A video is available from Parliament.

On the agenda

Members speaking

Before the committee

Wernick  Jarislowsky Chair in Public Sector Management, University of Ottawa, As an Individual
Cooper  Journalist, The Bureau, As an Individual

11:45 a.m.

Conservative

Michael Barrett Conservative Leeds—Grenville—Thousand Islands—Rideau Lakes, ON

To follow up on that line of questioning, if there's a potential conflict that's flagged, what's the evaluation process? What does that look like?

11:45 a.m.

Jarislowsky Chair in Public Sector Management, University of Ottawa, As an Individual

Michael Wernick

I'm not sure about the details. I think what happens is that items that come in are referred to specific secretariats—it might be economic, social, foreign policy, indigenous affairs or whatever—and you have an assistant secretary, sort of an ADM-level person—sorry for the jargon—and they will be looking at items coming in. Most items arrive after several rounds of interdepartmental meetings and people from the sponsoring department coming to PCO, so you don't get very many cabinet items that arrive without prior notice, and there is some time for people to take a look at the screens and see if something needs to be actioned.

11:50 a.m.

Conservative

Michael Barrett Conservative Leeds—Grenville—Thousand Islands—Rideau Lakes, ON

Who recommends the decision that something not...? Let me rephrase it. Who makes the recommendation, and to whom would they make the recommendation, that the screen be invoked, so that something that was going to go before cabinet is not presented without the affected public office holder being absented from the room?

11:50 a.m.

Jarislowsky Chair in Public Sector Management, University of Ottawa, As an Individual

Michael Wernick

I can't tell you for sure how it's actioned now. I left several years ago. Most cabinet business is done at committees, chaired by other ministers. My recollection—and I stand to be corrected by people from the Privy Council Office—is that it would have been the assistant secretary, who's basically the secretary to each cabinet committee, and in the case of full cabinet it's the clerk.

11:50 a.m.

Conservative

Michael Barrett Conservative Leeds—Grenville—Thousand Islands—Rideau Lakes, ON

At the end of my last round, we talked about the effectiveness of having the chief of staff or having the Clerk of the Privy Council, who both serve at the pleasure of the Prime Minister, responsible for ensuring that the act isn't violated. They're the ones who are advising or protecting against this happening.
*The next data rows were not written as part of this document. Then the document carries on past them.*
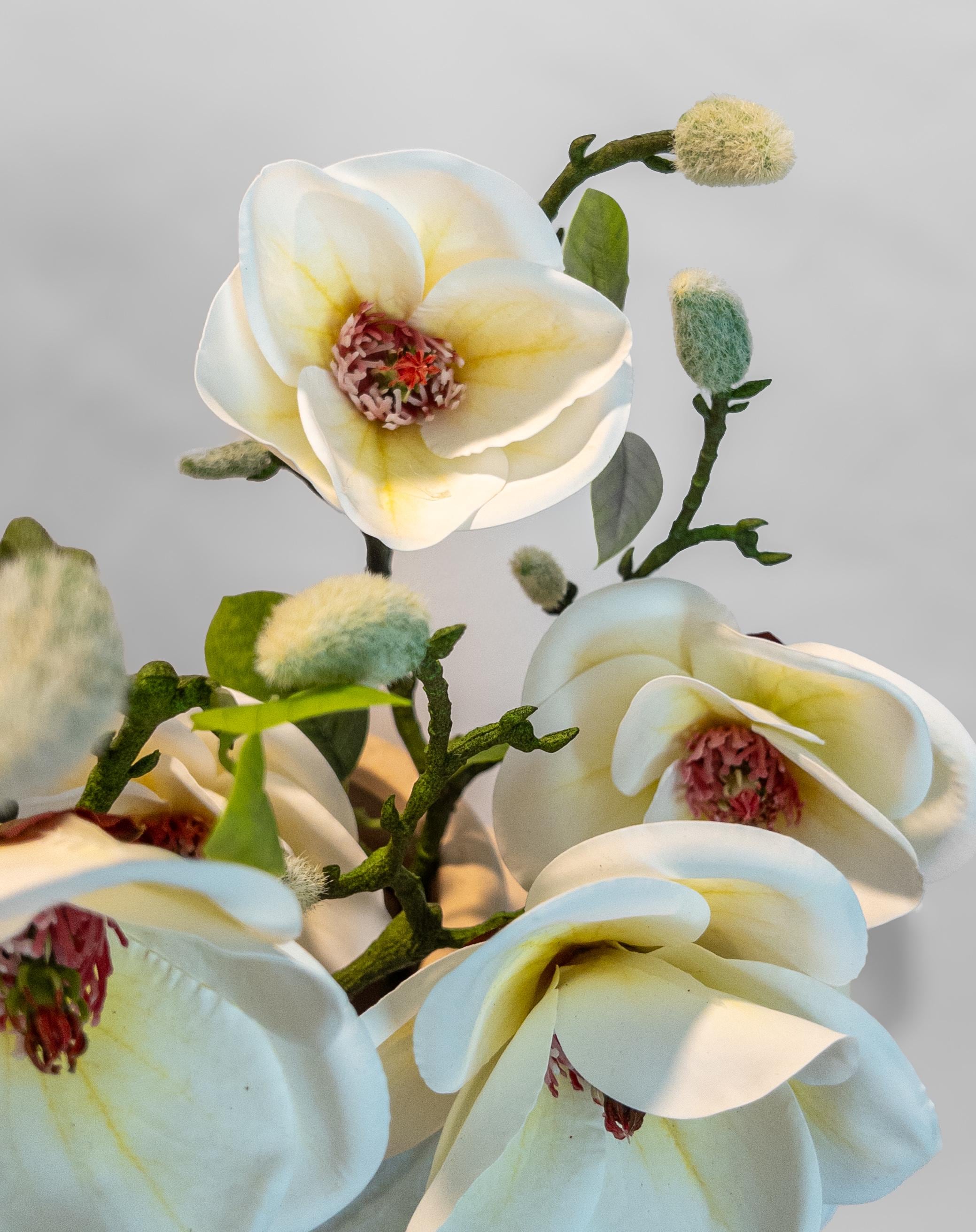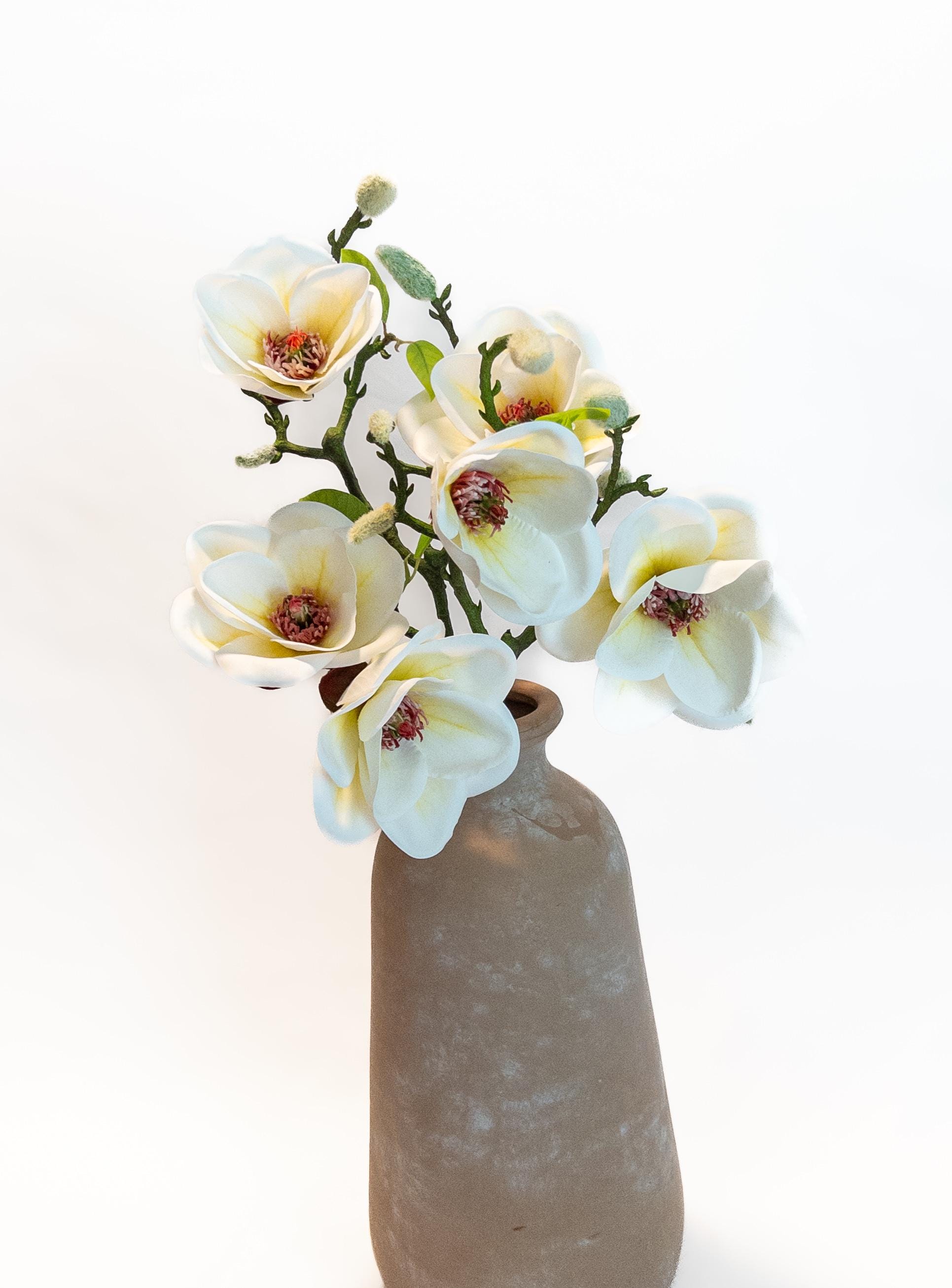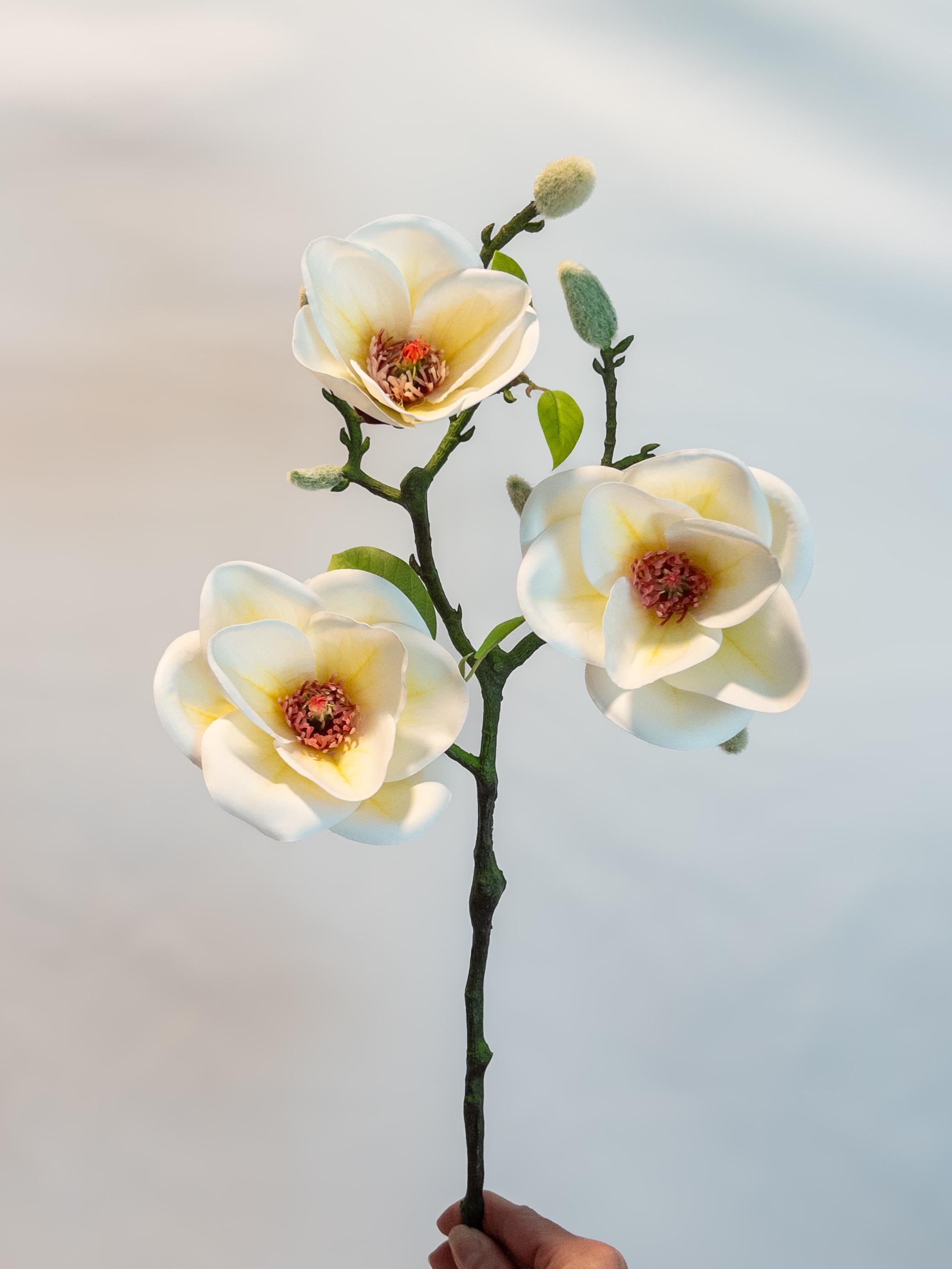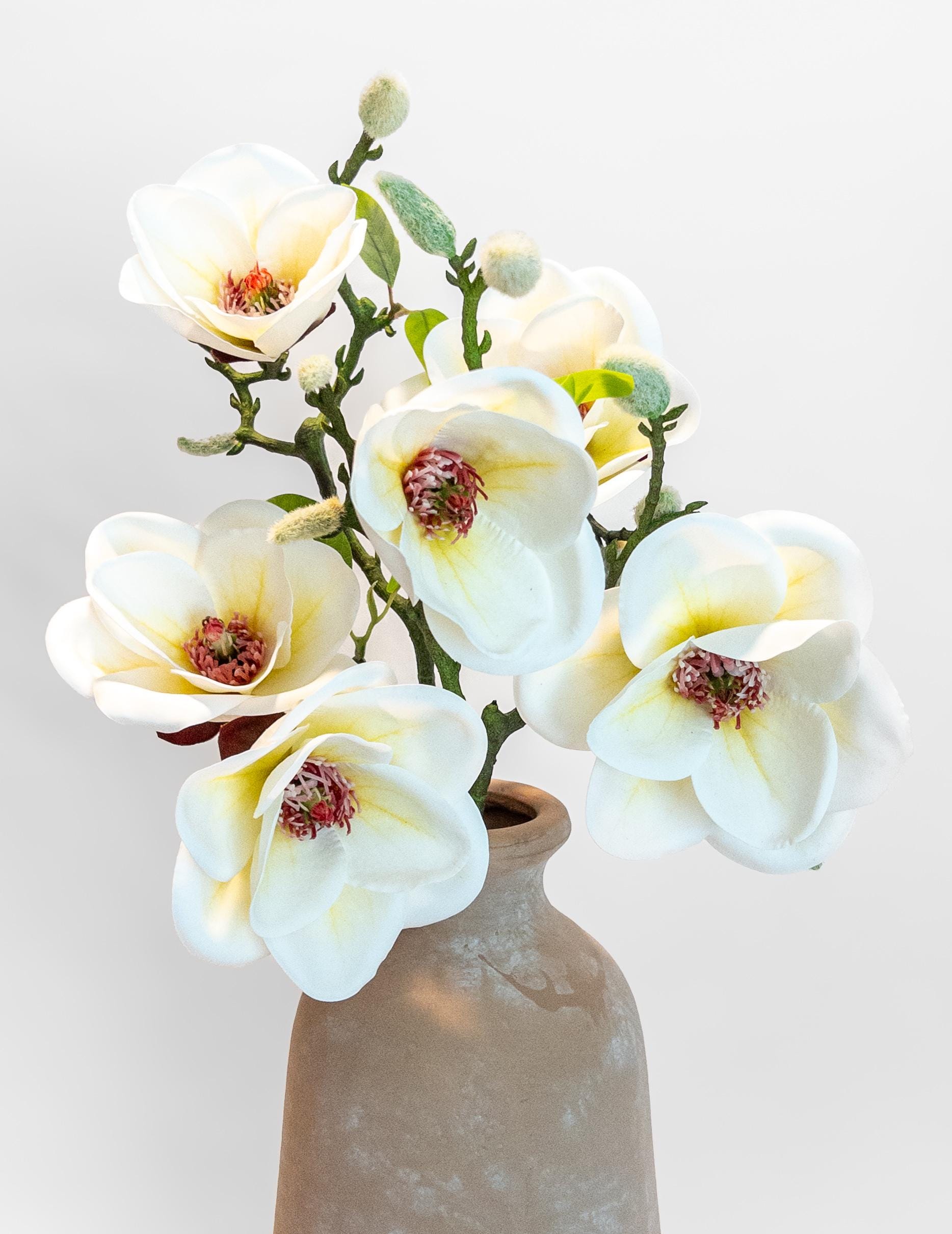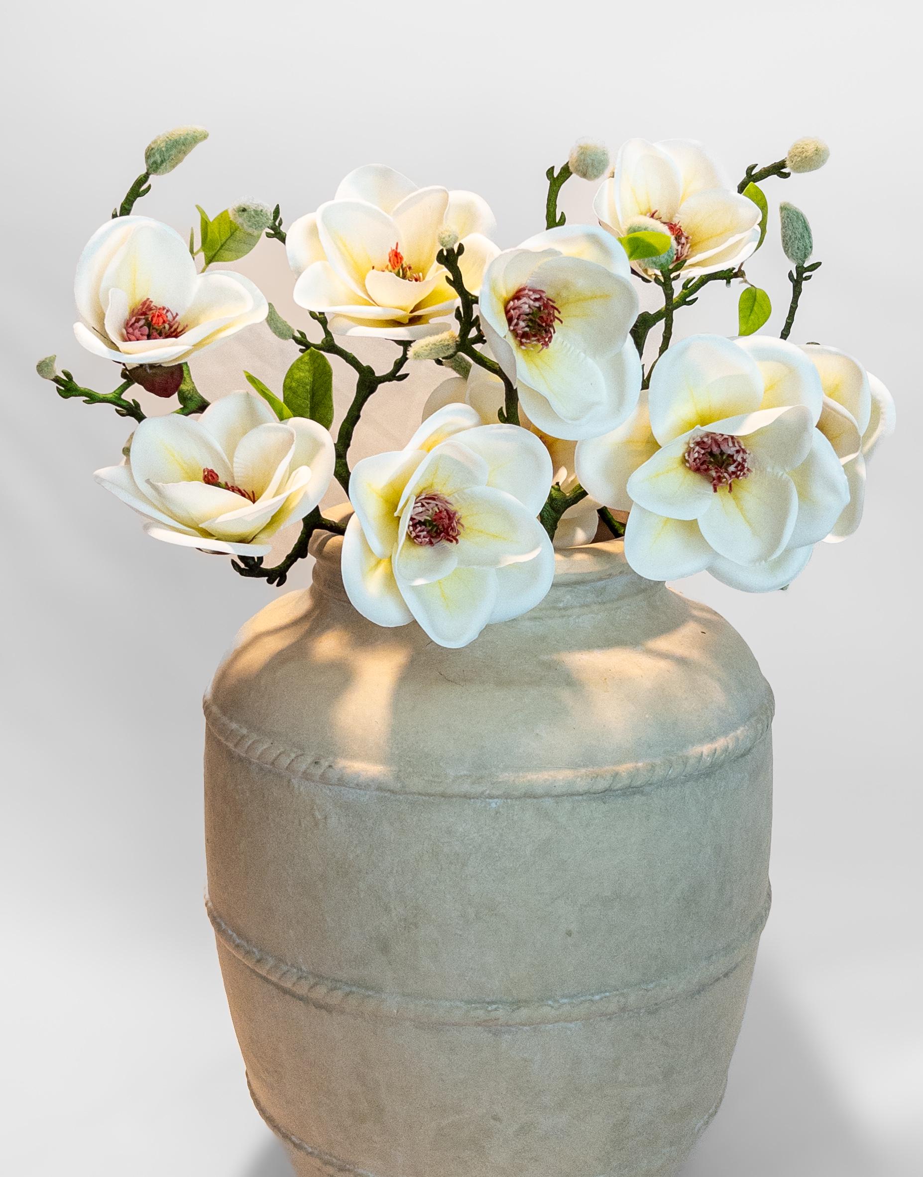 Bring timeless elegance to your home with this cream magnolia spray stem. Standing 20 inches tall, this lifelike branch features three exquisite magnolia blooms, ranging from 3 ½ to 4 ½ inches across, with soft cream petals kissed with subtle yellow accents and warm pink centers. The realistic texture, natural branching, and fuzzy magnolia buds make this stem a versatile piece for year-round styling.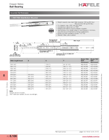 Drawer Slides Note 635 (25") 737 (29") 800 (31 1/2") 432.48.986 432.48.886 Dimensional data not binding. Dimensions in mm, inches are approximate. We reserve the right to alter specifications without notice.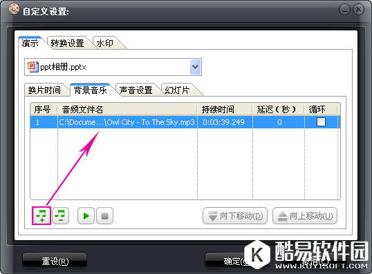 影楼电子相册制作系统免费版还可以给电子相册添加背景音乐,点击自定义按钮,进入“背景音乐”选项,就可以添加一首或多首歌曲作为电子相册的背景音乐。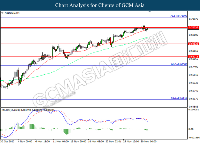 NZDUSD, H4: NZDUSD was traded higher while currently testing the resistance level at 0.7035. However, MACD which illustrated increasing bearish momentum suggest the pair to be traded lower in short-term as technical correction.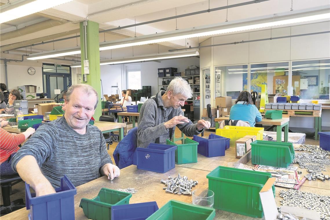 Blick in die Werkstatträume: Peter Bosch und Thomas Maurer (von links) an ihrem Montagearbeitsplatz. Insgesamt sind in der Murrhardter Einrichtung rund 100 Menschen beschäftigt. Fotos: J. Fiedler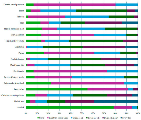 Breakfast cereal, white wheat pasta, white rice, oat flakes, and buckwheat were the most commonly consumed food products from the cereals and cereal products group—consumed on average once a week. Rye bread, sourdough bread, and seed bread were mostly consumed twice a week, but the average intake frequency for wheat bread was “once a week”. Poultry and pork, on average, were consumed once a week, but beef and meat products (sausages, ham, etc.) were mostly consumed less than once a week. The participants reported that they consumed fish only once a week. Milk, cheese, and sour cream were the most commonly consumed milk products, on average being consumed twice a week. Participants, on average, noted fresh vegetable consumption every other day, but fresh fruit and berry intake was two times a week. Pulses were consumed only rarely. Vegetable oils were the most commonly used plant-based fats, being used every other day. Butter was the most commonly consumed condiment, but chocolate was the most frequently consumed product from the sweets and bakery goods category; both products, on average, were consumed twice a week by the participants. Different salty snacks (chips, salty nuts) and fast food (pizza, hot dogs, etc.) were consumed only rarely, at less than once a week. Lemonades and alcohol were not consumed at all or only rarely. Coffee was the most commonly consumed caffeine-containing drink, being consumed daily by 52% of study participants.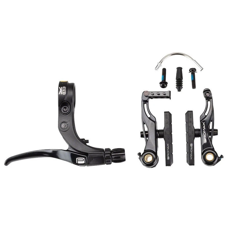 The Promax P1 Brake Kit includes one set of color-matched Promax P-1 brake arms and one Click lever, plus a standard stainless steel Promax brake cable and B-2 Air Flow brake shoes. All necessary mounting hardware also is included. Available in anodized red, blue, gold and matte black with laser-etched graphics and black hardware. Available only with one-finger short and one-finger long levers.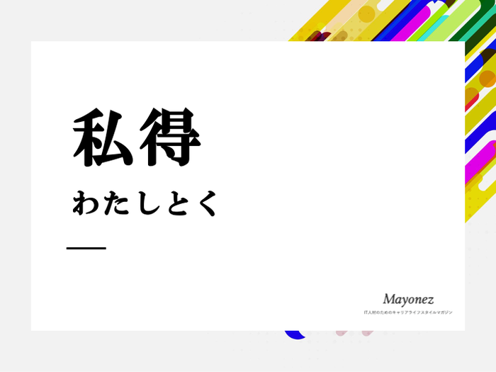 「私得」は「わたしとく」と読みます。「しとく」や「わたしどく」と読んでしまいがちですが、文章の中で「私得」が出てきた場合は「わたしとく」と読みましょう。 人と対面して会話するなかで、私得という言葉が出てくる機会はあまりないかもしれませんが、正しい読み方は覚えておくとよいでしょう。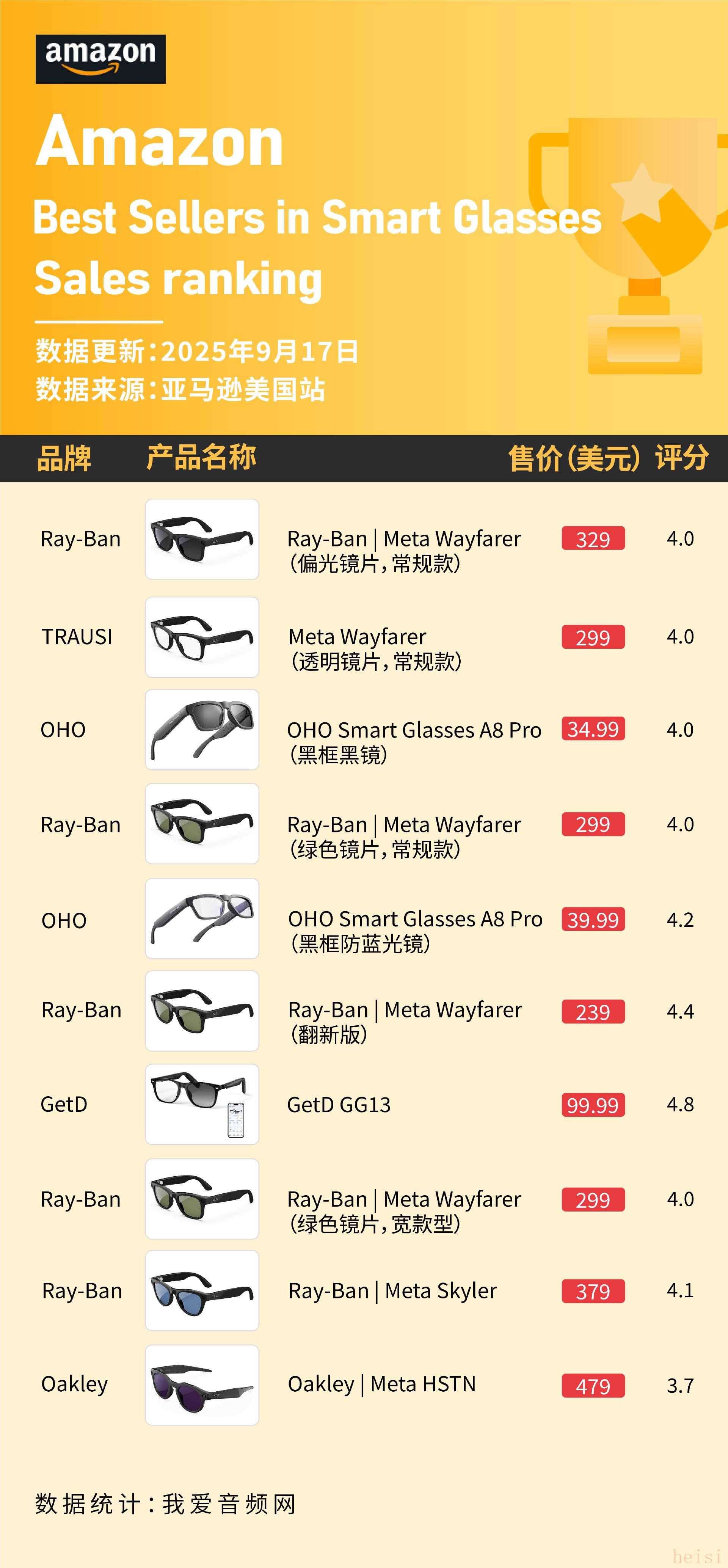 這些智能眼鏡美國亞馬遜熱銷,9月銷售數(shù)據(jù)驚人公布!

In the case of Mr. Trudeau, it didn't work, and in the case of Mr. Carney, he has 103 potential conflicts that are flagged. We're left with the same system, and it's left in the hands of these individuals. They both can be long-serving and well regarded, but the problem is who their boss is and what their function is to prevent the conflict. In this case, the risk of a decision being made by the Prime Minister that could further his own financial interests goes to the heart of the erosion of confidence that Canadians have in their public institutions. Do you recognize that there is a weakness in this system?

11:50 a.m.

Jarislowsky Chair in Public Sector Management, University of Ottawa, As an Individual

Michael Wernick

The story you could tell of the last Parliament is that all of those issues were detected and made public and became a subject of parliamentary discussion or investigations by the commissioner. At some level, the system is drawing out those issues.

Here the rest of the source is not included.